Z Legią Warszawa przegrali 2:1. Dla Legii strzelali Ziółkowski (21) i Wszołek (81), a dla Stali Esselink (68).
W meczu z IF Elfsborg drużyna z Mielca wyszła zwycięsko z wynikiem 0-2. Do bramki trafiali Dadok (10) i Wlazło (37).
Janusz Niedźwiedź, zapytany o ocenę obozu przygotowawczego, powiedział:
„Wszystko, co chcieliśmy zrealizować, z racji bardzo dobrej pogody i tego, że ani przez jeden dzień nie mieliśmy nawet wątpliwości, że wyjdziemy na trening i będziemy mogli trenować. Więc tutaj nie było to na tyle skomplikowane, żeby wiedząc, że mamy do dyspozycji za każdym razem boisko, zrobić to, co sobie założyliśmy od samego początku do końca”.
Wypowiedź o atutach na wiosnę:
„Mam nadzieję, że wiele rzeczy.
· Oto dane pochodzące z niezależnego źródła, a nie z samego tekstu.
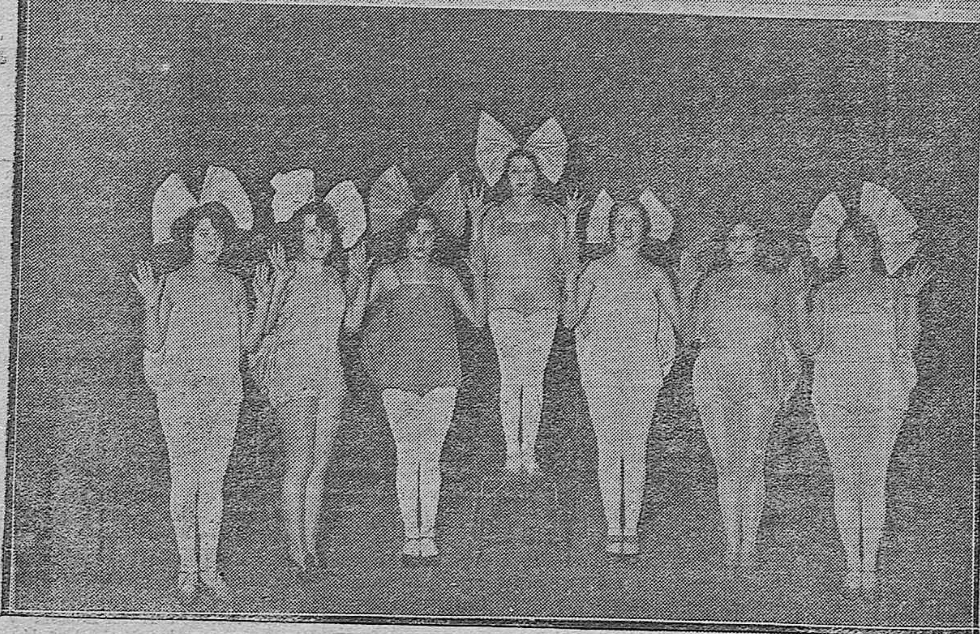
ACTUALIDAD TEATRAL.--La agrupación artística denominada "Frivolidad", notable número de variedades que anoche hizo su presentación en la Plaza de Toros con el beneplácito del público.
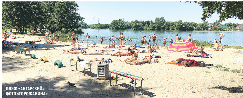
ПЛЯЖ «АНГАРСКИЙ»
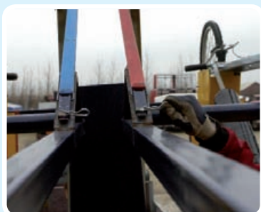
Lås af topbeslag.
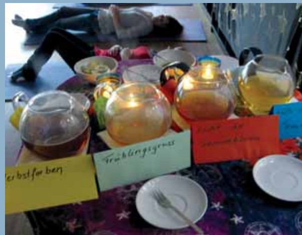
Entspannung bei der Teezeremonie
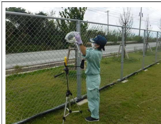
悪臭測定地点（風上側）
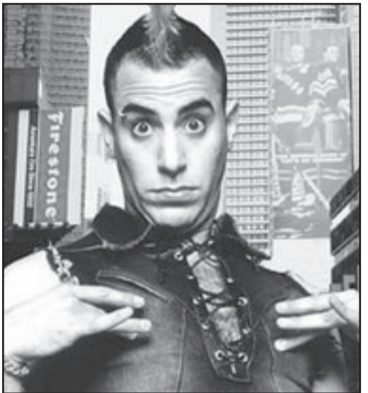
لقطة من «برونو»

فيينا - ( د ب أ): لم تهتم وسائل الإعلام النمساوية بالعرض الأول للفيلم الكوميدي المثير للجدل «برونو» الذي يقوم بطولته النجم البريطاني ساتشا بارون كوهين وتصويره لحياة نمساوي مثلي منحرف سياسيا، قدر اهتمامها بالشخصية الحقيقية التي يسرد الفيلم قصتها.

Nasza gra ofensywna, która przynosi nam bardzo dużo sytuacji – jeszcze nie finalizujemy, nawet w sparingu z Piastem, tych sytuacji, a było ich naprawdę sporo i można było pokusić się o kilka bramek więcej. Tak samo w poprzednim meczu z Legią czy z Elfsborgiem, w którym też tych sytuacji nie brakowało. Mam nadzieję, że będziemy szczelniejsi w defensywie, tak jak w meczu z Elfsborgiem, że będziemy naszą grę kontynuować. Tak naprawdę nasz model jest jasny, tutaj ta ścieżka jest wytyczona bardzo klarownie, więc nią podążamy i chcemy w ten sposób grać na swoich zasadach, na swoich warunkach podczas meczów”.